Dire que ces groupements comprennent dans leurs rangs une majorité de journalistes et d'écrivains serait probablement une exagération. On y trouve de tout, y compris les amateurs de soupe gratuite et d'invitations exotiques et on s'y frotte même à des acrobates qui y voient des rampes de lancement politique. Ces associations ne sont en tout cas pas des temples de l'éthique professionnelle. (Photo par M.Fl: Tijani Haddad à Zagreb lors de l'AG de la FIJET 2005)
Un ministre peut-il présider des journalistes et des écrivains
Le cocasse - ou l'inquiétant, ou l'inacceptable - c'est que M. Tijani Haddad, nommé ministre du tourisme par le chef du gouvernement tunisien, représente peut-être le premier cas d'un ministre présidant une fédération internationale de journalistes et d'écrivains du tourisme dont certains membres sont même proches de Reporters sans frontières (RSF), d'Amnesty et de PEN-International, organisations critiques vis-à-vis de la politique du gouvernement tunisien envers la gente des journalistes et des écrivains.

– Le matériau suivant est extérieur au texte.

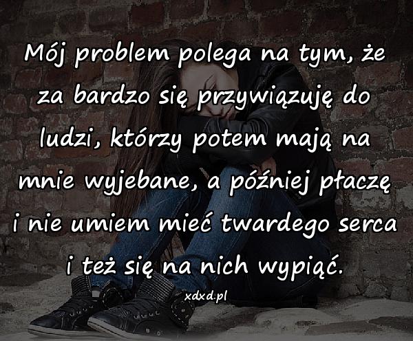 Mój problem polega na tym, że za bardzo się przywiązuję do ludzi, którzy potem mają na mnie wyjebane, a później płaczę i nie umiem mieć twardego serca i też się na nich wypiąć.

A l'heure où ces lignes sont écrites (fin février 2005), la FIJET n'a pas réussi à contacter son président/ministre très occupé à ses tournées ministérielles. Il y a pourtant d'importantes questions à discuter, d'abord les suites à apporter à la démission de la secrétaire générale de la FIJET, Christine Richter, qui a très rapidement rendu son tablier peu après sa nomination à ce poste difficile lors de l'AG de Marrakech. Mme Richter, qui occupait auparavant la fonction de SG par intérim, s'est rendue compte que les organes directeurs lui refusaient les moyens élémentaires nécessaires à l'accomplissement de sa tâche. Dans sa lettre de démission, elle dévoile et proteste contre les grenouillages, magouilles et autres manoeuvres et coups bas qui ont faussé les travaux de l'AG à Marrakech, dont les participants ont été par ailleurs éblouis par le royal accueil marocain.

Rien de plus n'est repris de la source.